Slices & Strings in Odin
This is a look into how strings compare to slices in the Odin programming language. I write this, as it was one of the stumbling blocks to my first steps of learning Odin. It seems simple to me now, but maybe this will help a newcomer.
Slices
A slice is a mutable data type that holds a length and a pointer. It can be thought of as a window or a view into a span of data that you can change. It may or may not own the data it points to, and unlike a dynamic array, it is not resizeable. Like an array, the length is always a function of how many units of data that it points to, so if we have a slice of bytes, the length will represent the number of bytes in the slice.

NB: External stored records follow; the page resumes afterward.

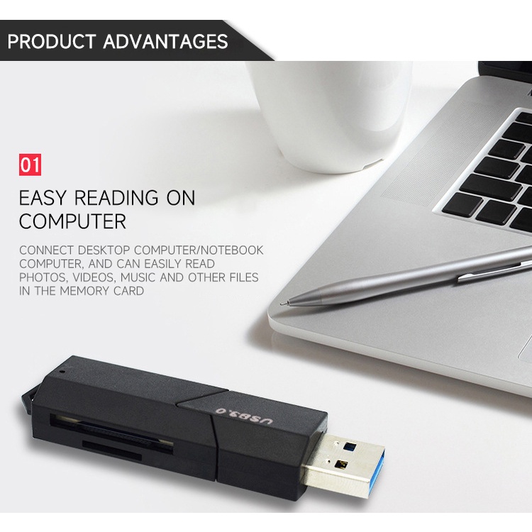 3.0 SD Card Reader USB SD TF Memory Card Reader Adapter 2 in 1 for SD Plug and Play on Windows
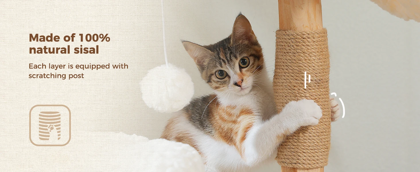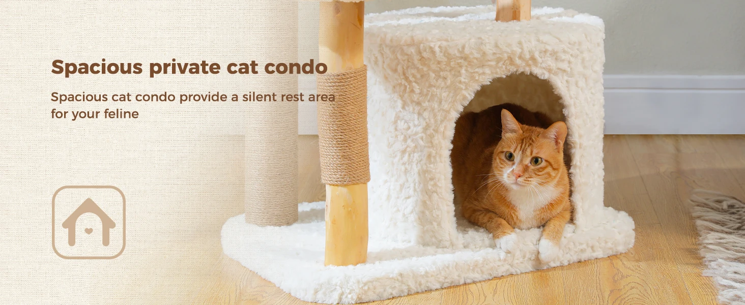 Premium Material and Sturdy Structure: Crafted from high-quality natural wood, this solid wood cat tower durably supports large and adult cats. Its robust frame and real double basement stay stable during energetic play, no wobbles or tipping. An anti toppling strap adds another 50% stability for the whole tree.
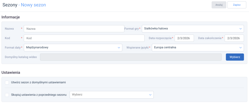 Wejdź w zakładkę Sezony, a potem kliknij przycisk „Nowy sezon” w prawym górnym rogu. Otworzy się okno, w którym musisz uzupełnić kilka podstawowych pól – bez nich sezon po prostu nie powstanie:
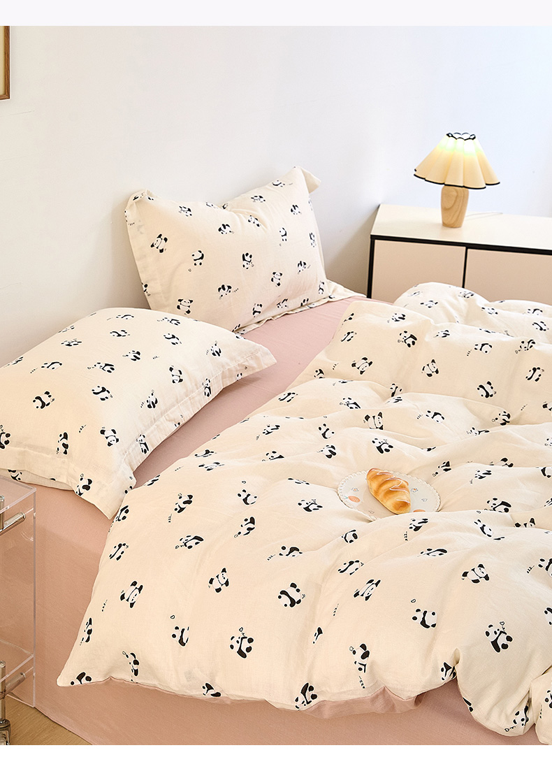 锦罗绣 2025新款全棉双层纱印花单被套(第二批) 国宝熊猫
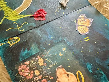 J'accompagne également les personnes endeuillées avec le Carnet de deuil, qui est un rite de passage que nécessite le deuil en explorant, exprimant et en vivant le deuil en profondeur grâce à la mobilisation de nos images intérieures et a la création de pages artistiques, ce qui permet une libération et une intégration tout en honorant la valeur sacrée de la perte.
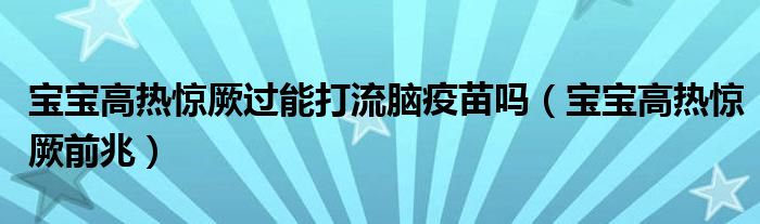 大家好,知識小編來為大家解答以上的問題。寶寶高熱驚厥過能打流腦疫苗嗎,寶寶高熱驚厥前兆很多人還不知道,現(xiàn)在讓我們一起來看看吧!
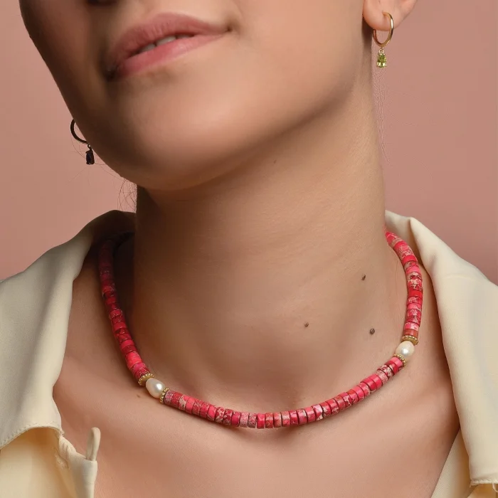 925 Gümüş Üzeri 14k Mikron Altın Kaplama. Pembe Havlit, Naturel İnci. Gümüş Ağırlık : 3,82 g. Uzunluk : 42 cm. Ürün sertifikalıdır.
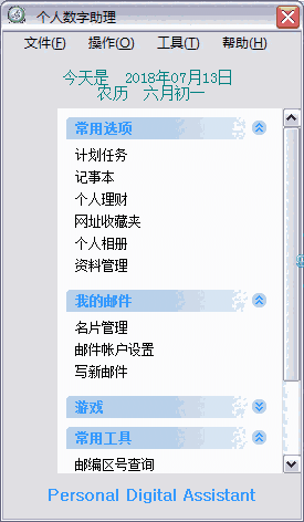 实创个人数字助理是一款专业的整合工具类的软件,软件支持个人计划任务、记事本、名片管理、邮件账户设置还可以玩五子棋等等功能。十分方便快捷,界面简约,布局直观清晰,操作简单,极易上手,是一款不可多得的利器。

buf := make([]u8, 4) // Allocate a slice of 4 bytes.
l := len(buf) // 4
sz := len(buf) * size_of(u8) // 4
If we have a larger data type, such as a series of rune
s, then the length
will reflect the number of runes and not the number of bytes. A rune
in Odin
is represented by a signed 32-bit integer.

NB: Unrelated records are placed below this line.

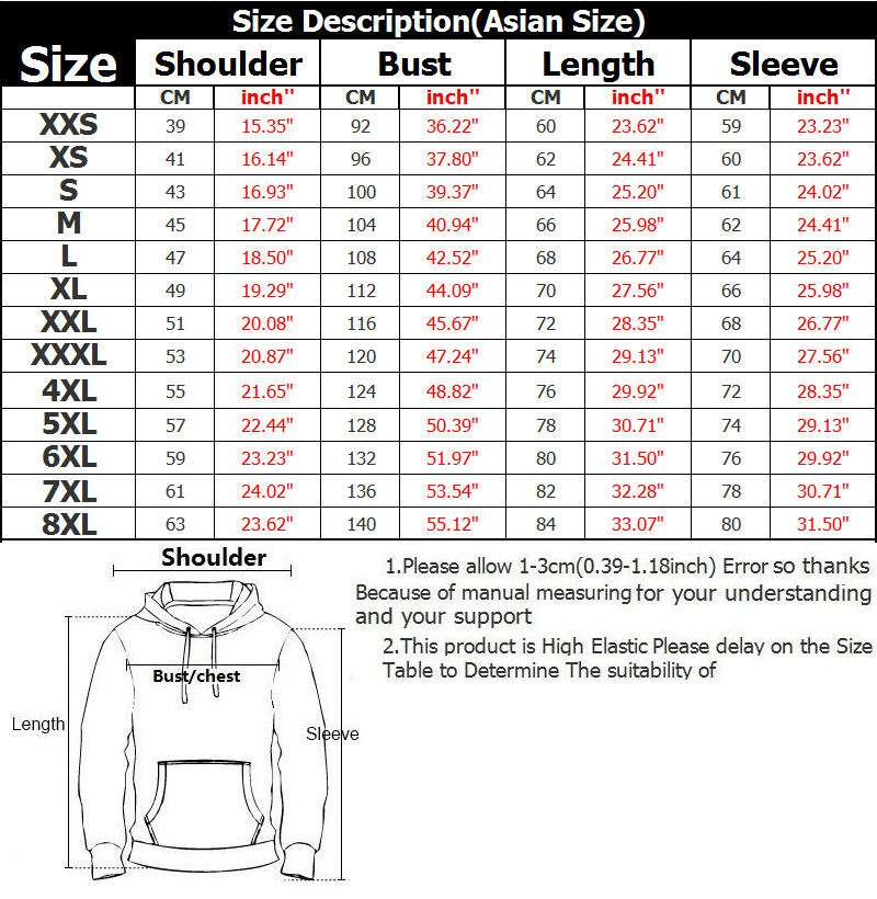 Size: XXS,XS,S,M,L,XL,2XL,3XL,4XL,5XL,6XL,7XL,8XL
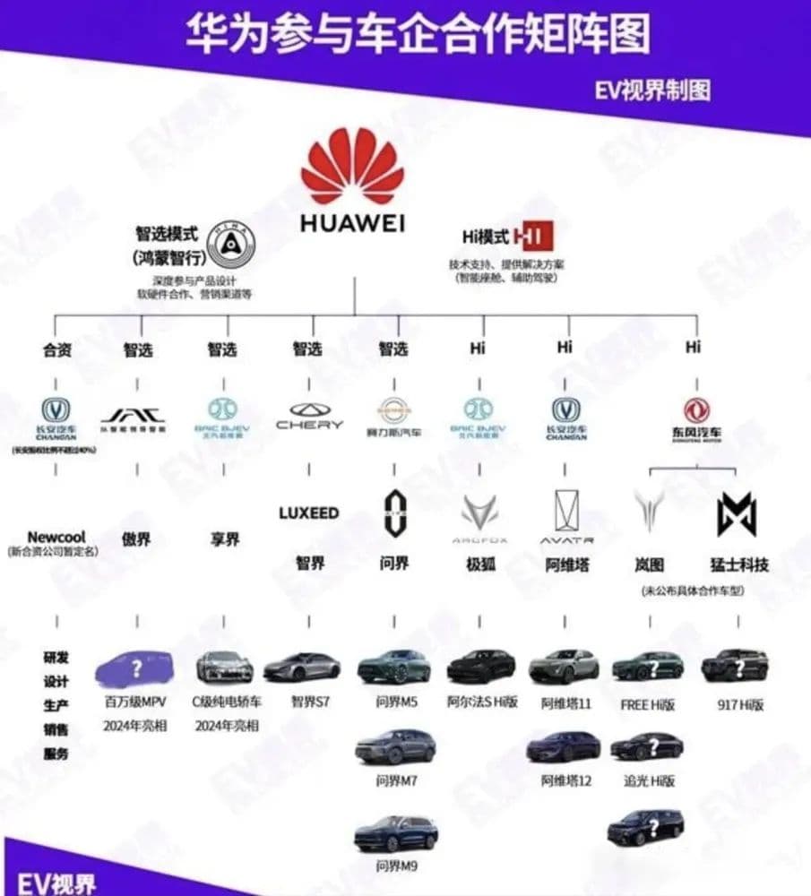 图/华为参与车企合作矩阵图,来源/EV视界 新能源观截图
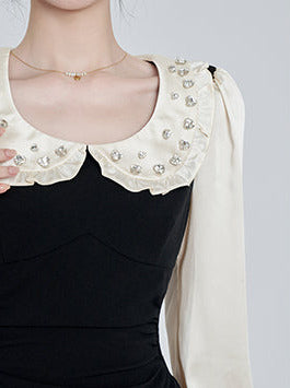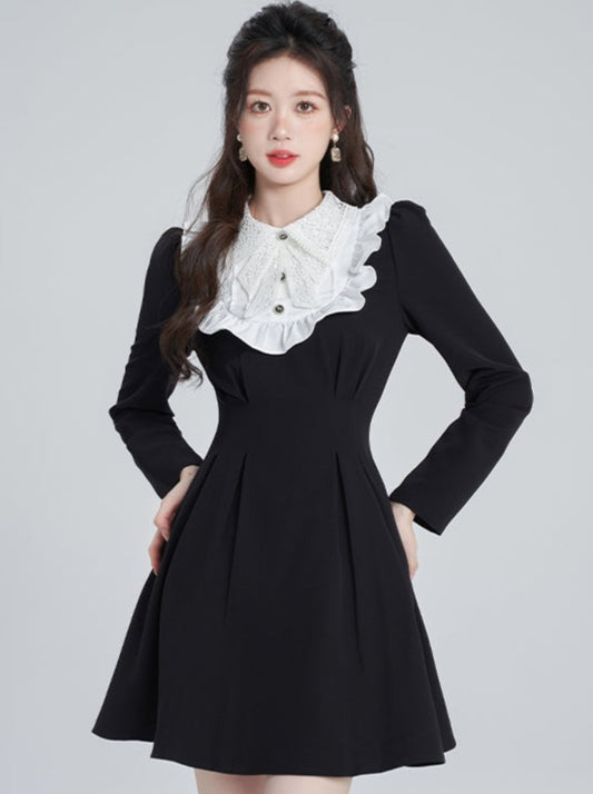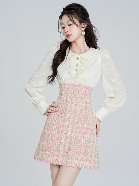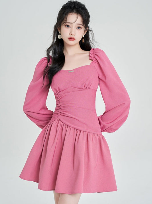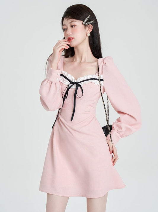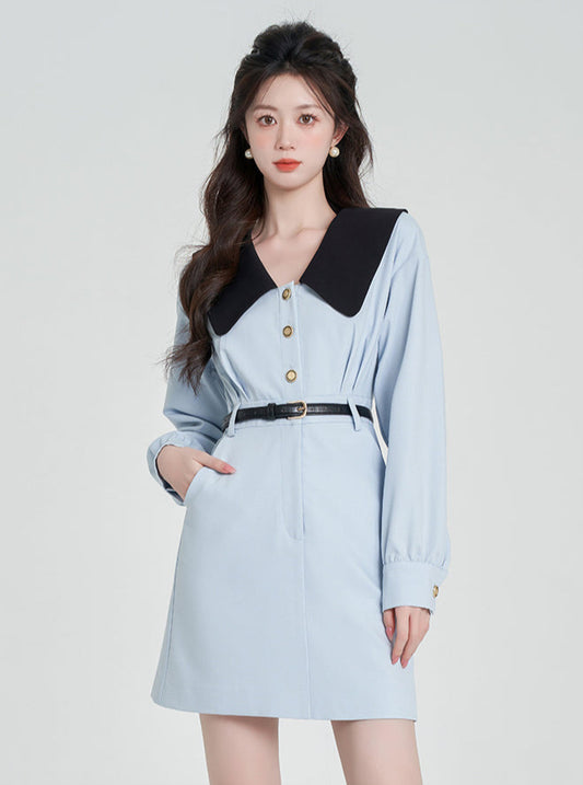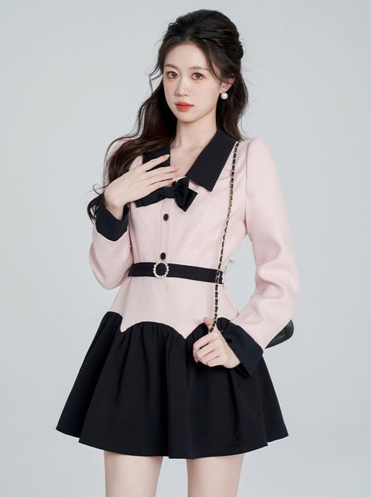 フレンチピンクベビードールカラーフェイクツーピースカレッジワンピース
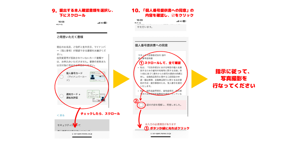 9. ご用意いただく書類で、「個人番号カード」もしくは「通知カード・運転免許証」のどちらかにチェックを入れ、下にスクロール

buf := make([]rune, 4) // Allocate a slice of 4 runes.
l := len(buf) // 4
sz := len(buf) * size_of(rune) // 16
buf
in the above code block has a length of 4, but it takes up 16 bytes of memory.
Strings
Strings in Odin are fundamentally slices, yet an important difference is that they are immutable on the surface; their index slots cannot be assigned to with different values. Normally, changing anything about a string requires creating a new string, unless you have access to the underlying buffer.
Where len
can be confusing is that an Odin string
can be thought of as a
slice of bytes that has special iteration properties when using the for x in y
construct.
str := "Hellope!"
l := len(str) // 8
uni := "こにちは"
luni := len(uni) // 12
This shows us that Odin’s len
reports the byte count of the string, as
opposed to the number of codepoints.
However, if we try to iterate the string, we’ll receive the UTF-8 decoded
Unicode codepoints as rune
s with each stage of iteration, along with the byte
index:
for r, i in uni {
fmt.println(r, i)
}
// こ 0
// に 3
// ち 6
// は 9
This won’t be the case if you iterate by index over a string.
for i := 0; i < len(uni); i += 1 {
fmt.println(uni[i])
}
// 227
// 129
// 147
// 227
// 129
// 171
// 227
// 129
// 161
// 227
// 129
// 175
fmt.println(typeid_of(type_of(uni[0])))
// u8
As you can see, the string
data type in Odin is a slice of u8
s or unsigned bytes.
It’s important to keep this in mind when working with strings, as this is the only case in Odin where iteration over a slice-like data type behaves differently from the usual slices or arrays.